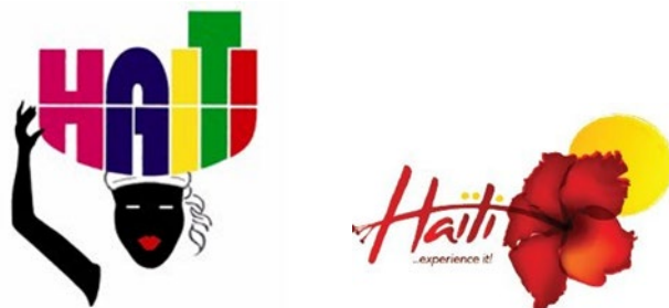
Figure 5: Old And New Logo Haitian DMO

It is worth highlighting the fact that the understanding/knowledge (or not) of a destination impact on how this destination is perceived by potential visitors (Li, Lu, Ying, Jiang, Barnes & Zhang, 2014). Hence the reason why Li et al (2014) suggested that it is important to investigate how much visitors know about the destination. Cognitive and affective image are important when it comes to decision-making (Li et al , 2014).
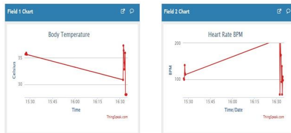
Figure 3 Heart rate monitoring range
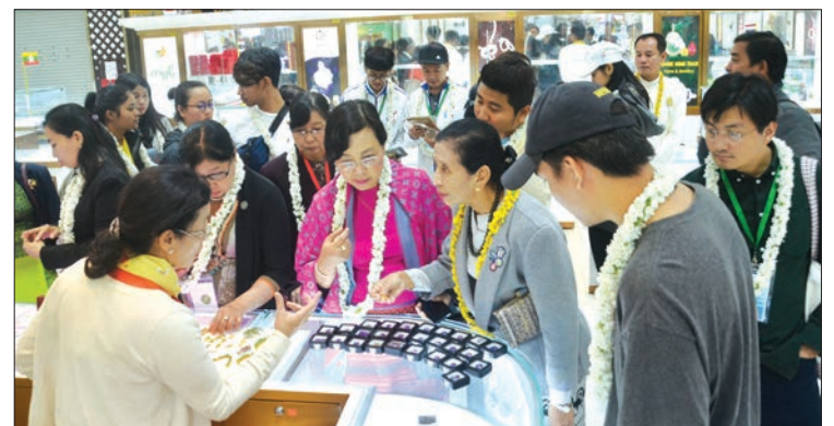
Artists visit Mandalay Yatanar Mall.
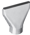
75 mm Spreader Nozzle 3.1" x 3.0" x 1.4" No. 07021
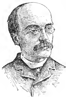
JOHN BACH MCMASTER.

H ISTORY OF THE PEOPLE OF THE UNITED STATES, from the Revolution to the Civil War. By JOHN BACH MCMASTER. To be completed in six volumes. Vols. I, II, III, and IV now ready. 8vo. Cloth, gilt top, $2.50 each.
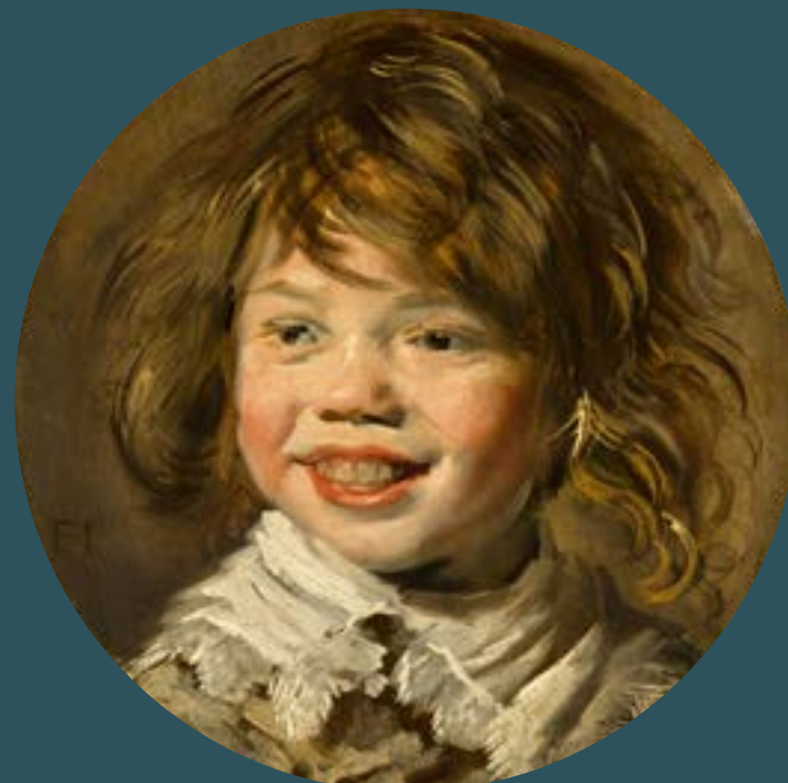
Frans Hals, Laughing Boy , c. 1625

______

*WORK TO COMPLETE:*
Set down the data above exactly as written. Omit the pictures.

*RESULT FOR THIS TASK:*
Figure 5: Old And New Logo Haitian DMO

It is worth highlighting the fact that the understanding/knowledge (or not) of a destination impact on how this destination is perceived by potential visitors (Li, Lu, Ying, Jiang, Barnes & Zhang, 2014). Hence the reason why Li et al (2014) suggested that it is important to investigate how much visitors know about the destination. Cognitive and affective image are important when it comes to decision-making (Li et al , 2014).
Figure 3 Heart rate monitoring range
Artists visit Mandalay Yatanar Mall.
75 mm Spreader Nozzle 3.1" x 3.0" x 1.4" No. 07021
JOHN BACH MCMASTER.

H ISTORY OF THE PEOPLE OF THE UNITED STATES, from the Revolution to the Civil War. By JOHN BACH MCMASTER. To be completed in six volumes. Vols. I, II, III, and IV now ready. 8vo. Cloth, gilt top, $2.50 each.
Frans Hals, Laughing Boy , c. 1625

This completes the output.